Spoil them how?  By showing them that I’ll always be there to comfort them?  By teaching them that compassion makes people feel better? By showing through my own actions that helping someone when they are sad is worth more than a few extra hours of sleep?  Not sure how that’s a bad thing…
Well, I’ve been told it IS a bad thing because they should be able to function on their own.  They shouldn’t expect me to always come to their aid every time they cry.  I’ve also been told it creates an unhealthy attachment and that my child won’t be able to function or feel secure without me.
Anyone who has seen my 2 year old knows this is absolutely, 100% and completely ridiculous.  He is as independent as the day is long.  He is confident, strong and sure of himself.  He jumps at the opportunity to run away from me, play with others, run down the street, play in the park, climb, slide, tumble and he has no issues whatsoever with feeling insecure.

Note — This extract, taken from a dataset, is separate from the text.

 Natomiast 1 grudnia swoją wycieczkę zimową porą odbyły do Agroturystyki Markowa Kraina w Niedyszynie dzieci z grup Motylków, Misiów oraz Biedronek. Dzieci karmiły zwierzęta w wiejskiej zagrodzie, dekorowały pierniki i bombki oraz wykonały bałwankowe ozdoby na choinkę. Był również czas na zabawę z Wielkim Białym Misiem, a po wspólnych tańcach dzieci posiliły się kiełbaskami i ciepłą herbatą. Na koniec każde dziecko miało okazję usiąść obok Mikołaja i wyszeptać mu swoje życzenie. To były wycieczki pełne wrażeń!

Alongside that, he also wakes knowing I, or someone he loves, will be there to hold him.  He often wakes up crying… he has since he was born.  I suspected night-terrors and that issue hasn’t entirely resolved itself yet. It’s better, but he wakes nearly every night between 3-5am and climbs into bed with us, cuddles up and nurses himself back to sleep.  Does this mean he’s dependent upon me for his comfort?  Maybe… is that a problem? Not really… I’m his mother, isn’t that my job?

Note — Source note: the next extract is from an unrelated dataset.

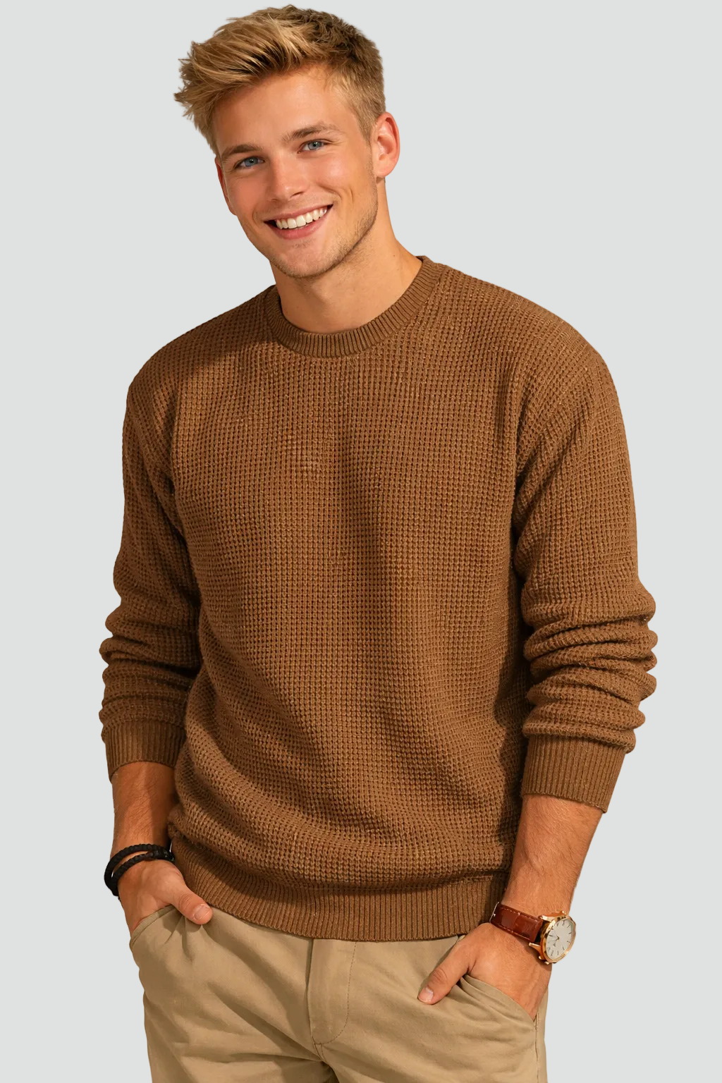 Deze heren wafelgebreide trui met ronde hals combineert comfort met een stijlvolle, relaxte uitstraling. De subtiele wafelstructuur geeft de trui een moderne en luxe look, terwijl de losse pasvorm zorgt voor optimaal draagcomfort. Ideaal voor dagelijks gebruik, zowel casual als licht gekleed, en eenvoudig te combineren met jeans of chino’s.

Oh wait… I forgot, it’s not my job, is it?  Our modern society wants me to make it his job as soon as he’s capable of it.  He needs to learn that the world does not revolve around him and even as early as 4 months old, he should man up and learn to be alone and able to calm himself down.  I should be able to put him to bed at 8pm and expect him to stay there until 7 the next morning.  I should be returning to work to be a valued member of society, so that I can take pride in my life by showing my friends and family how smart I am and how industrious I am.  I’m supposed to pay someone to watch my children and spend 10 hours a day somewhere else so I feel like a “big girl” with all my strong, women’s rights glaring like a neon sign that screams “LOOK AT ME BEING INDEPENDENT!! CAN YOU SEE HOW STRONG I AM? NOTHING GETS I MY WAY, NOT EVEN KIDS!  SEE HOW AWESOME AND HARD CORE THAT MAKES ME?!?!”   I should be able to enjoy “adult time” and be free to “get my life back”.  Riiiiight.  Well, here’s the problem with that- I am one of those strange people who believe that my children are my life.  Their needs needs dictate how I live my life- not the other way around.  I guess I’m just weird like that.  All my neon sign says, is “ALWAYS OPEN” and apparently that’s a bad thing.
I know, I know… I’m a weirdo hippy that offends every modern woman.

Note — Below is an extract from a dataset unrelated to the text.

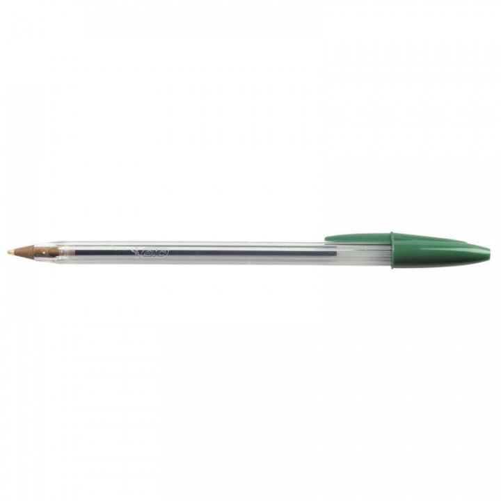Stylo bille Cristal pointe moyenne vert. Corps cristal transparent, capuchon ventilé et clip à la couleur de l'encre.

I’m also the mother of a beautiful, confident and happy two year old and a brilliant, chubby nine month old and my goal in life right now is that they both know, down to their cores, that they are safe and loved.
I suppose we will find out in future years if this parenting style really works on them or not… if they remain self confident, secure in themselves and their surroundings, strong and ambitious as they are now- then yes, it worked.  I’ve got about 10 years to find out.